Look below for the line with "BOBBY MOORE ENGLAND" and the line with "- Длина шага"; repeat exactly those two lines and all lines between them, but no pictures.

SUPPLIED ENTRIES

__________

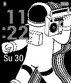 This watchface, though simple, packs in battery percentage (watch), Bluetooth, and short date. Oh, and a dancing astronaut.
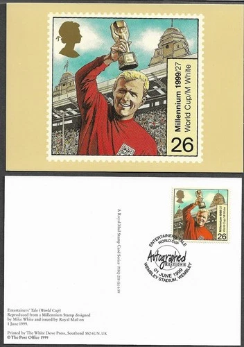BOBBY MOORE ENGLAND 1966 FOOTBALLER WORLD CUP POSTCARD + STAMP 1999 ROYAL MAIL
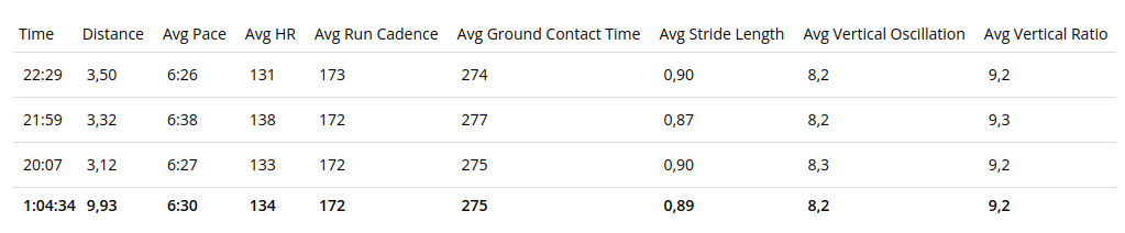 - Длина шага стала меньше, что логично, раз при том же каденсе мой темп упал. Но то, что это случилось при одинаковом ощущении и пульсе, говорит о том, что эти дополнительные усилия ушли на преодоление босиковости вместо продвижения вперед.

__________

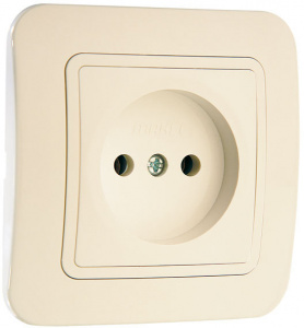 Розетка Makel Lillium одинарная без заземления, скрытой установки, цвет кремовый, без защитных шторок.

__________

REPLY TO THE EXERCISE
BOBBY MOORE ENGLAND 1966 FOOTBALLER WORLD CUP POSTCARD + STAMP 1999 ROYAL MAIL
 - Длина шага стала меньше, что логично, раз при том же каденсе мой темп упал. Но то, что это случилось при одинаковом ощущении и пульсе, говорит о том, что эти дополнительные усилия ушли на преодоление босиковости вместо продвижения вперед.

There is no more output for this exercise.